Work instruction ->
Among the entries that follow, the required portion opens with the line containing "해지를 위해서는 3가지 인증 중 하나를 사용합니다." and closes with the line containing "XS:Bust:33.1IN,Waist Size:25.2IN". Give that portion again exactly, and nothing else.

Available data ->
━━━━━━

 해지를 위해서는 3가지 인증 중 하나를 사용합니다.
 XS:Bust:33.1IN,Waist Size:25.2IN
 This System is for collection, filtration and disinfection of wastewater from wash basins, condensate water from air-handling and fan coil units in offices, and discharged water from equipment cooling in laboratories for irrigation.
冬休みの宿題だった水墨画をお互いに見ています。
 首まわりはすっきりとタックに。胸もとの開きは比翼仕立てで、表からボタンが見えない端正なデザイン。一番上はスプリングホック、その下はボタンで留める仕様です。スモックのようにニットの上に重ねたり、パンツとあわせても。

━━━━━━

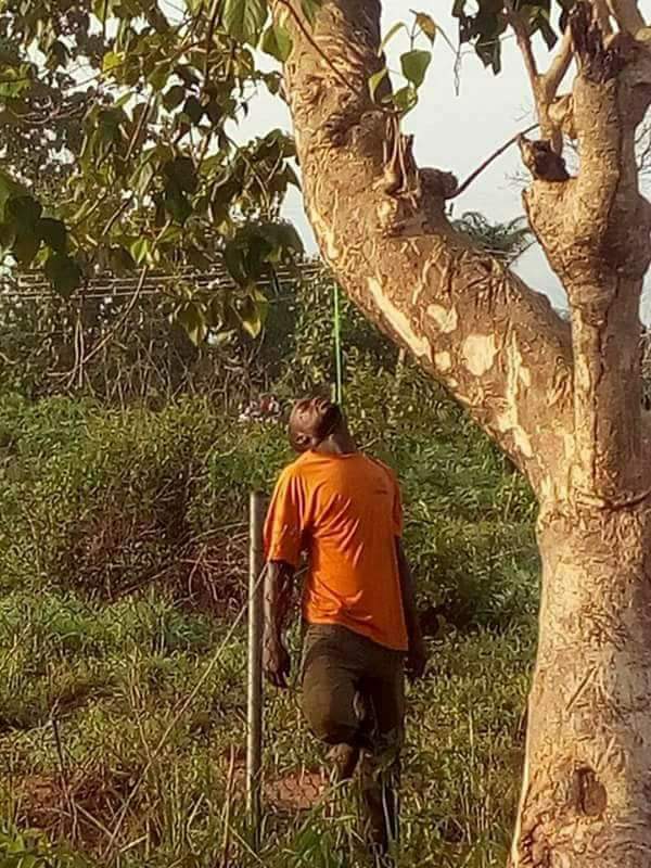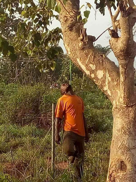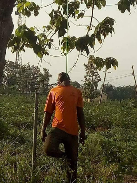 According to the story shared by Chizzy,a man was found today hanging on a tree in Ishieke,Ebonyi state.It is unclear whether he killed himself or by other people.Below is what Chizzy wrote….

━━━━━━

Answer for this exercise ->
 해지를 위해서는 3가지 인증 중 하나를 사용합니다.
 XS:Bust:33.1IN,Waist Size:25.2IN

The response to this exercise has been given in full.